▶ PROBLEM TO WORK ON: From start to end, write out the following data exactly, apart from its images.

BEGIN DATASET SECTION

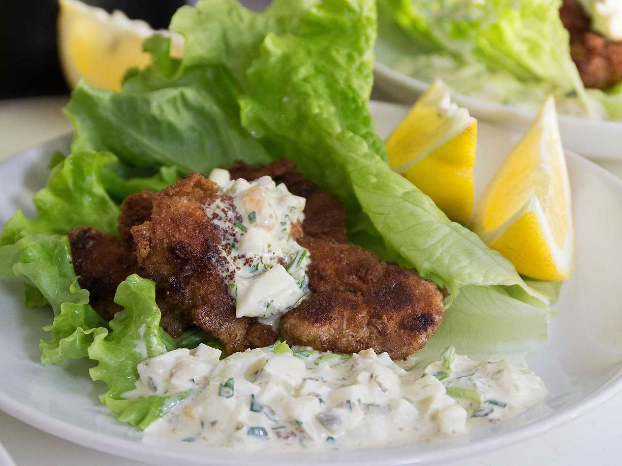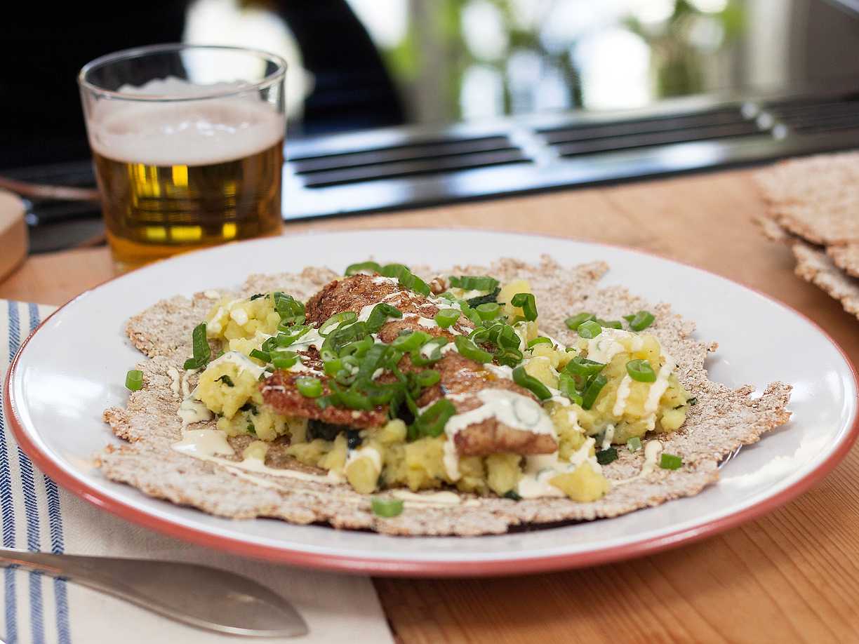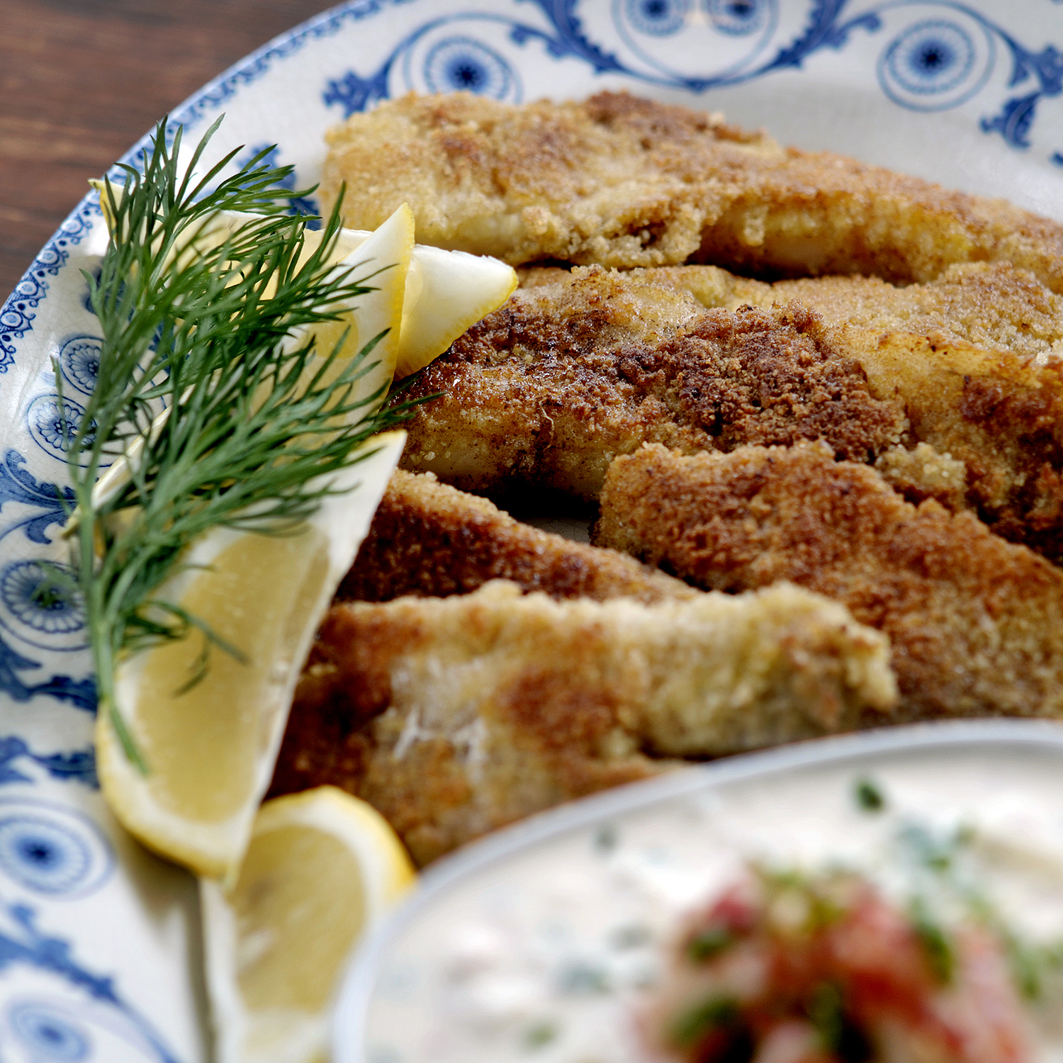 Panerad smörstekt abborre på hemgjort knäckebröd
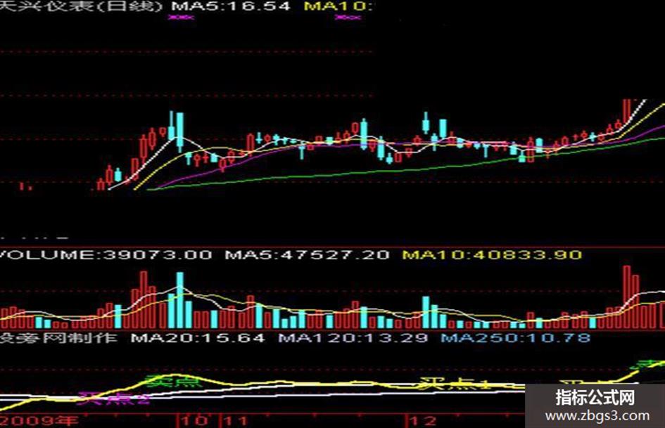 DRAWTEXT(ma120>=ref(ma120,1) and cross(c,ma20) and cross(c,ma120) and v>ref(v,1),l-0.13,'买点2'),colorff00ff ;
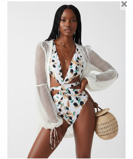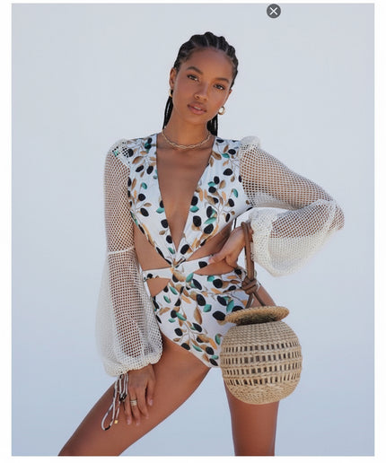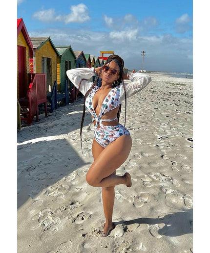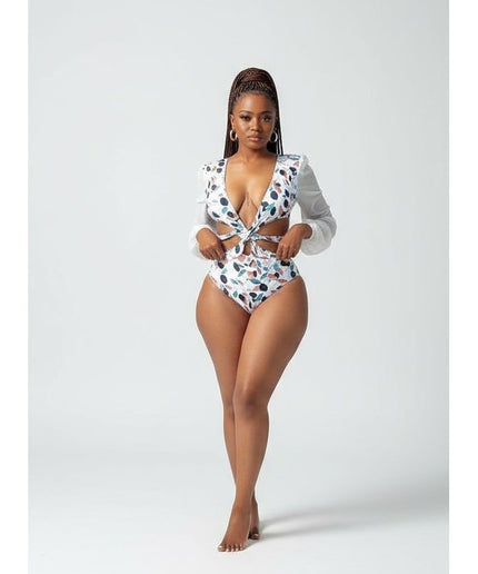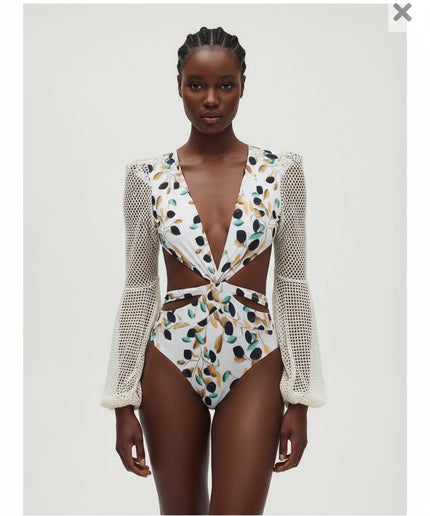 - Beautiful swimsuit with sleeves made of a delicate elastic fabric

END DATASET SECTION

▶ ANSWER SPACE:
 Panerad smörstekt abborre på hemgjort knäckebröd
 DRAWTEXT(ma120>=ref(ma120,1) and cross(c,ma20) and cross(c,ma120) and v>ref(v,1),l-0.13,'买点2'),colorff00ff ;
 - Beautiful swimsuit with sleeves made of a delicate elastic fabric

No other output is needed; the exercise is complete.